I’ve driven some of the highways on its periphery and have been mightily impressed with the loneliness the area, the sense of nature overwhelming petty human efforts to encroach on its isolation. Everything about the region speaks of remoteness, solitude, reclusiveness. Even its earliest American explorers, Lewis and Clark, found it impossible to travel on its wild waters…hence its local name.
It is almost as if something—something unknown and unknowable—has restrained incursions into the emptiness. As if….
Joanne Pence’s highly enjoyable paranormal novel looks into that as if and narrates a story of occult secrets centuries old and mortally dangerous to explore, all focusing on the granite wildness of central Idaho. Her characters range from a middle-aged university professor guiding archeology students on a field trip; to Indiana Jones-style action-adventure types; to hard-muscled, well-armed mercenaries packing the most sophisticated firepower; to old-West style lawmen; to psychically wounded men and women confronting the coldest of all mysteries—Death itself.
Her landscapes include not only the Idaho wilderness but places both exotic and familiar: the deserts of Mongolia, the crowded streets of Jerusalem, the stuffy museums of Paris, the inextricable complexities—both physical and psychological—of Washington, D.C., and the rarified reaches of “Big Pharm” in New York. With each change in locale, Pense brings sufficient details to create believable situations, although she is at her best in limning the virtually untouched world of the great Batholith.

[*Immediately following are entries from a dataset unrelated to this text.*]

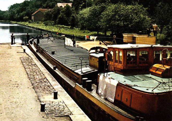 Puis je pense à une autre carte postale d'Amilly, que Guy a posté sur le forum, et qui ressemble un peu. Je la retrouve, elle est ici. On y voit le VIOLETTA entrant dans l'écluse, montant et chargé. On peut se dire : tiens, ça correspond ! C'est peut-être une de ces séries qu'on trouve parfois, l'éditeur qui choisit de publier plusieurs photos du même sujet... Ces séries que, justement, Guy apprécie particulièrement.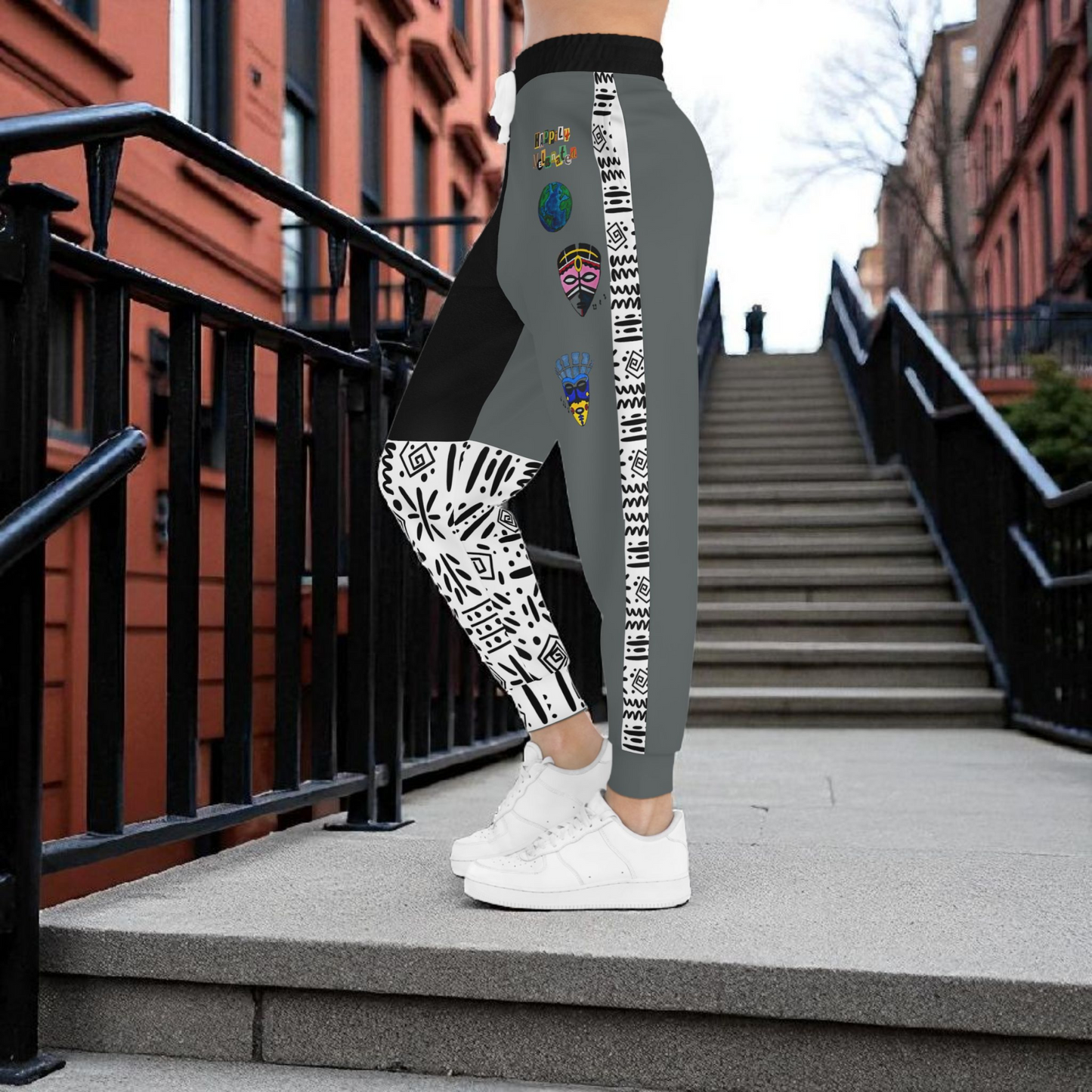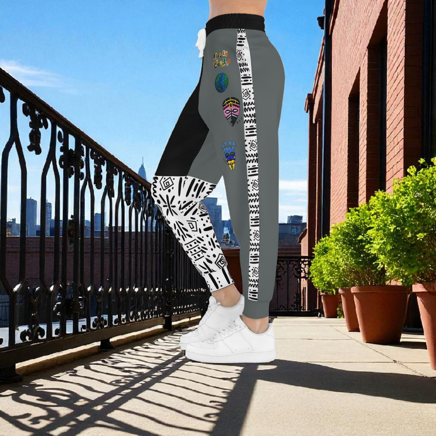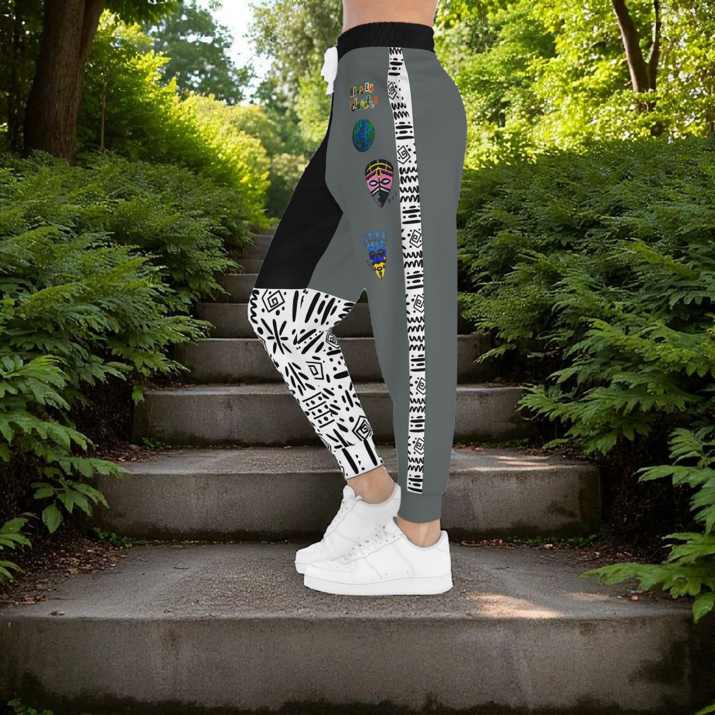 Handcrafted Afro Music Cartoon Art Athletic Joggers, Unisex Sweatpants, African Dance Jogging Pants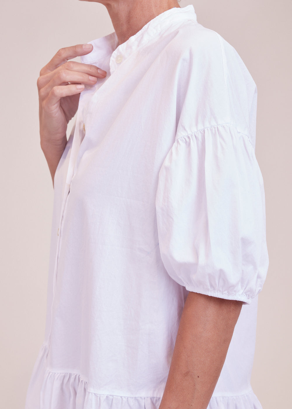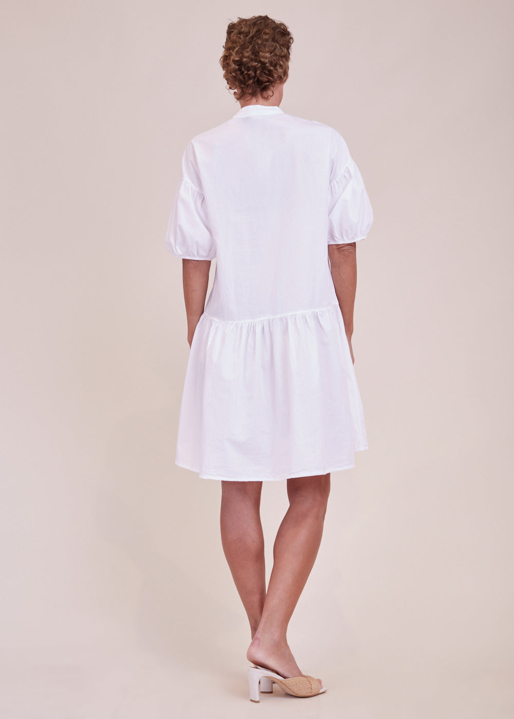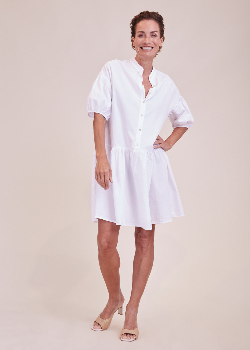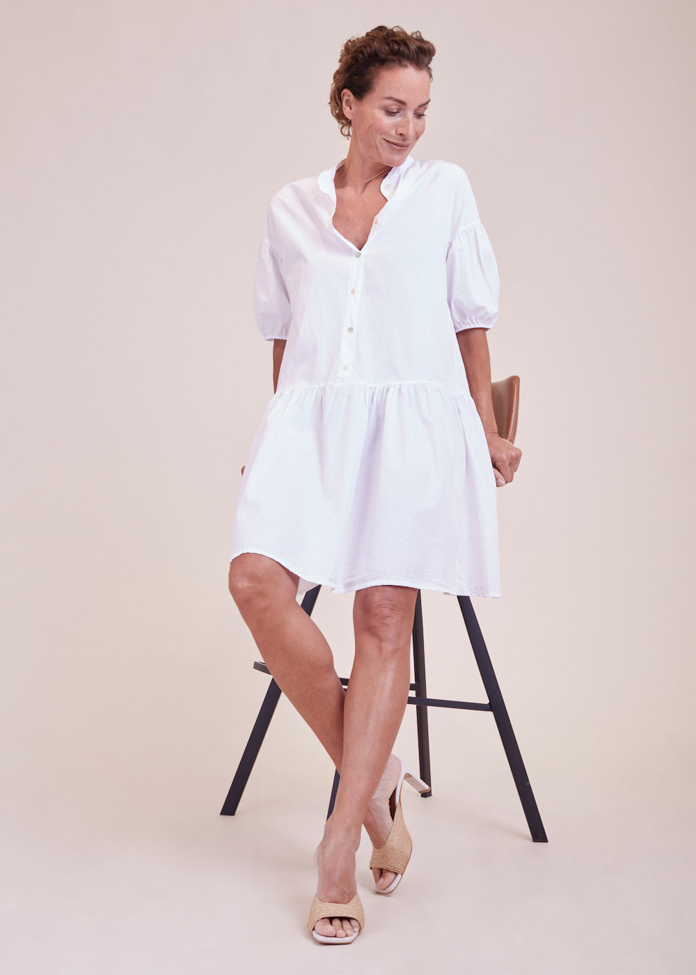 Verspieltes Sommerkleid im Popeline-Style. Das Kleid endet kurz über dem Knie. Die Schultern sind leicht überschnitten und münden in einem Puffärmel. Der Rockteil ist ausgestellt und durch eine Naht auf Hüfthöhe versehen. Der V-Ausschnitt besitzt eine kleine Knopfleiste und einen angedeuteten Stehkragen.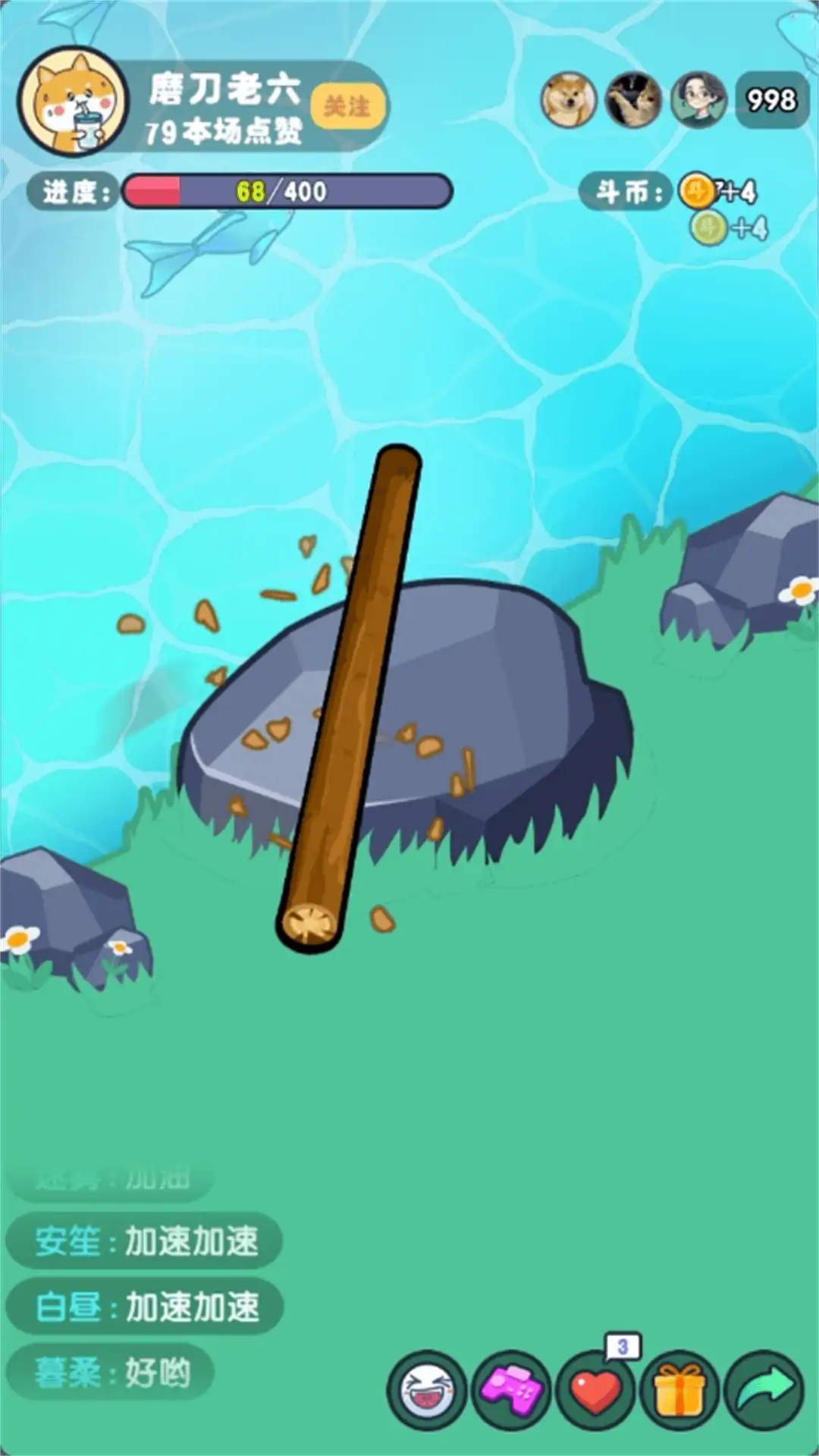 一款休闲类小游戏,游戏的核心玩法为模拟磨铁棒,玩家需要将各种材料的棒子在小河边的石头上磨成针,磨成针后,解锁下一个棒,不停的滑动屏幕直播磨成针吧,还能通过购买打赏各种礼物来增加磨成针的进度,搭配动听的音乐,还不来试试!

Her plot is both convoluted and direct. It hinges on a single “what if”: What if, centuries ago, an alchemical adept had secreted in the heart of Idaho a long-forgotten book, a treatise dating back to the beginnings of the Christian era, that contained the key to transmutation—to the ancient study devoted not simply to creating gold from base metals but also to transforming frail, time-bound man into an immortal…a god?

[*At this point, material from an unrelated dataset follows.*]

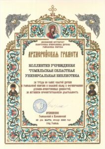 за труды во славу святой церкви в Гомельской епархии и большой вклад в формирование духовно–нравственных ценностей, за активную просветительскую деятельность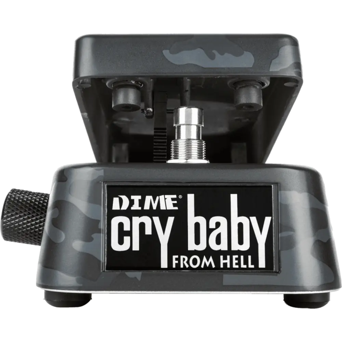 Dimebag Darrell combinaba la fanfarronería de un vaquero con riffs de alta ganancia y pistas cargadas de armónicos chirriantes. Uno de los elementos más significativos de su sonido y dinámica era el Cry Baby Wah, y en una época en la que los pedales de wah habían pasado de moda, Dime ondeaba su bandera de wah en lo más alto. Cargado de experiencia ganada a pulso y sus conocimientos de años de gira, Dime nos ayudó a idear el wah más versátil de nuestra línea: El Dime Cry Baby from Hell Wah. El trabajo en este pedal comenzó hace unos 20 años, cuando Dime, un viejo usuario del súper personalizable Cry Baby 535Q Multi-Wah, quería aún más libertad a la hora de configurar su equipo en el escenario. Empezando por el 535Q, hemos conservado su control Q, su selector de rango de 6 vías y su kick-in boost ajustable. A continuación, le hemos dotado de un amplio rango de barrido para que Dime pudiera profundizar aún más, un control para ajustar la frecuencia de bajada del pedal, una salida adicional para dividir la señal en una cadena de efectos separada y unos indicadores LED montados en la parte trasera para mostrar cómodamente tanto si el wah como el Boost está activado. Por último, hemos sustituido la banda de rodadura de goma estándar por una cinta antideslizante de monopatín para que tu pie no resbale bajo ningun concepto. El Dime Cry Baby from Hell Wah es el pedal de wah definitivo para tu equipo en gira, y con su nuevo acabado en camuflaje negro, te hará lucir como nadie.

As odd as this might sound—central Idaho?—Pense crosses her Ts and dots her Is in constructing a web of events that make it plausible. Does she depend on coincidence in bringing together her wide cast of subjects? Yes, but ultimately, in the world of Ancient Echoes, there are no coincidences; there are only the manipulations and machinations by proto-chemists who unraveled the greatest mystery of all and must now live with the blessing—and the curse—of immortality.
Along the way from outer Mongolia to central Idaho, readers will confront the unanticipated, the unbelievable: a centuries-old corpse, flawlessly preserved, that triggers the final round of events; two perfect columns of living granite, topped with, of all things, Egyptian hieroglyphs, that might or might not be portals to another world; and—perhaps most fascinating of all—creatures unknown to science, unidentifiable, horrific, and deadly.
An intriguing blend of history, action-adventure, religious speculation, alchemy (theoretical, philosophical, and practical), and horror, with occasional touches of psychological thriller and romance, Ancient Echoes is a well-crafted tale designed to entertain and perhaps even enlighten.